Tuesday, April 29, 2008

Grand Theft Anticipation

At 11:15 a.m. this morning the nice man from Citylink dropped off my special edition of GTA IV.

Opening the box and gazing in wonderment at the contents (A black metal safe deposit box containing a Duffelbag, soundtrack CD, art book and the game itself) I realised I hadn't been as excited by a game release in a long time. Halo 3 was probably the last one, and that didn't even compare to this.

The excitement and anticipation had not been in vain. It's been years since I've played a game that has been so entertaining, so well put together, so funny - just so damn complete. It's still the same old Grand Theft Auto - the same perfect blend of sandbox and satire, just better.

It would appear that the stupidly high review scores found on metacritic are quite justified - I can see this game occupying me for months.

See you in Liberty City.

Saturday, April 26, 2008

The greatest video game in the world

Couple of things; Look up there. No, not that high. A little bit lower. Lower still. Thats it.. look! A funky new Myxomatoasties logo. Thats brightened up both your page and your life a little, hasn't it?

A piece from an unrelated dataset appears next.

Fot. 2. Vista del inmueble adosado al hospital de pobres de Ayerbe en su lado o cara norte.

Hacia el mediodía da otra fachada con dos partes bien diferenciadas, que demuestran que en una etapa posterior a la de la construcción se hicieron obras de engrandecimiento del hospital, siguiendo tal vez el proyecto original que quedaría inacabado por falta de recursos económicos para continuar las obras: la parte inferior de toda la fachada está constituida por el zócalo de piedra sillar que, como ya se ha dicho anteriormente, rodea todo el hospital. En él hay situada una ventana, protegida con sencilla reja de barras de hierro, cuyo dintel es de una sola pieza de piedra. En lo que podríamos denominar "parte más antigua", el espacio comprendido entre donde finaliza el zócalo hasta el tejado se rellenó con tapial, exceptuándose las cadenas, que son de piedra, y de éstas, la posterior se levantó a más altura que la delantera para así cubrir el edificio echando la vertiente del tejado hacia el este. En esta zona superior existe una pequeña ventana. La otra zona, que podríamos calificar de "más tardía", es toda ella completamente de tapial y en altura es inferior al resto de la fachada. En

Some new blogs linked over to the right that are a cracking read. My good friend Paul (Many of you may know him as rhcpaul on the website b3ta and lament the passing of his famed 'link of the day') is writing the blog 'Plinx' which I strongly recommend. The gentleman of the worldly wide web Robin Johnson also has a blog that is a fine read, and finally Sexy Videogame Land is a cracking videogame journalism blog. It of courses goes without saying that every blog linked to on this page is both entertaining and life-enriching. If you go without clicking on any of them, you're a poorer man/woman for it.

Right, the point of the day. Videogames. I LOVE videogames and am actually giddy with excitement over the impending release of Grand Theft Auto IV. I'm a little annoyed that I didn't pre-book it in time so have had to order the special edition of it to be able to play it on release date, but that's purely down to my own lack of pre-planning. I'm sure a GTA bag and safety deposit box (!) will bome in handy somewhere down the line. It had BETTER arrive on release date, at any rate. I have to get my daily kill of running over hookers, drive-bys and drug deals and if I can't do it in GTA IV I'll end up doing it for real and Amazon will be to blame - (Or at least that is what the Daily Mail Editorial will say).

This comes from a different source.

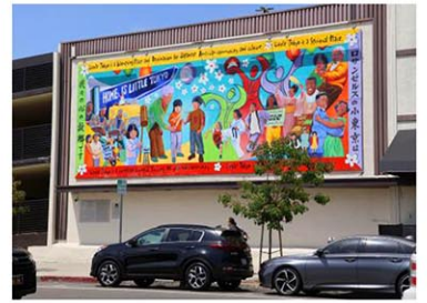
米ロサンゼルスのリトルトーキョーにある壁画「ロサンゼルスの小東京は我々の心の故郷です」と日本語で書かれている=1日(共同)

【ロサンゼルス共同】米民間非営利団体「歴史保護ナショナル・トラスト」は1日、約140年の歴史があるロサンゼルス中心部の日系人街リトルトーキョーを存続の危機にある歴史地区

To celebrate the bleep bloop bing majesty that is the world of videogaming, I'm going to force my opinion on you on what I judge to be the greatest games of all time over the next week. Just imagine that its like one of those channel 4 talking head "best of" shows albeit with considerably less Stuart Maconie and Rick "Get an adult haircut" sky.

I'll set the ball rolling with the best of them all. "The best videogame of all time?", I hear you cry in your masses (or, judging by the dearth of commentds that this blog ever seems to get, your ones and twos at any rate), "That is certainly a bold claim to make and a very audacious statement. I'm astonished that you can state such a thing."

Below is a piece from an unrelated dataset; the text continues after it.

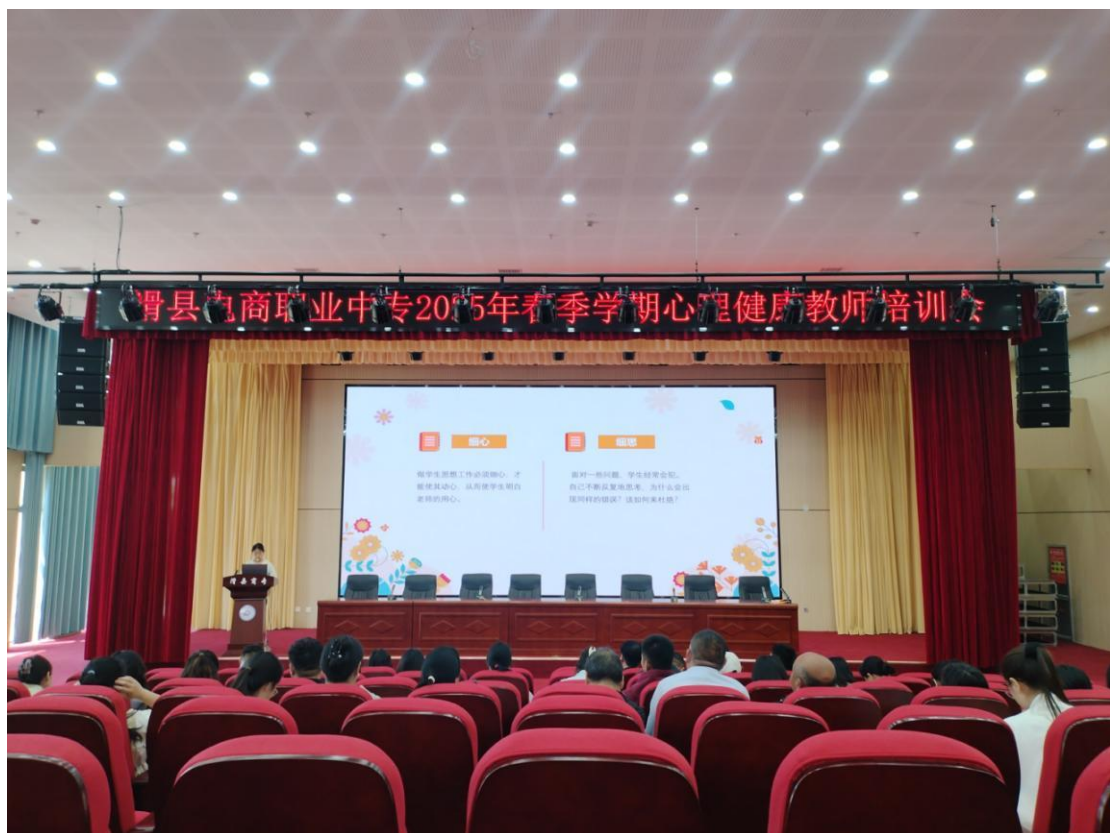
2025年4月22日，滑县电商职业中专开展春季学期心理健康教师培训

The best videogame of all time took place on one low resolution screen, had crudely animated single colour characters (the animation consisted of two frames at most, I seem to recall) and is the single most fun game I've ever had the joy of planning.

I speak of the Spectrum classic "Chaos: Battle of Wizards". As a teen there was a neat gap on a Tuesday afternoon between sixth form and attending a local college to do RSA typing classes - This time saw me and my friend Jon going to my house and playing Chaos for hours. This happened every single Tuesday. For a year.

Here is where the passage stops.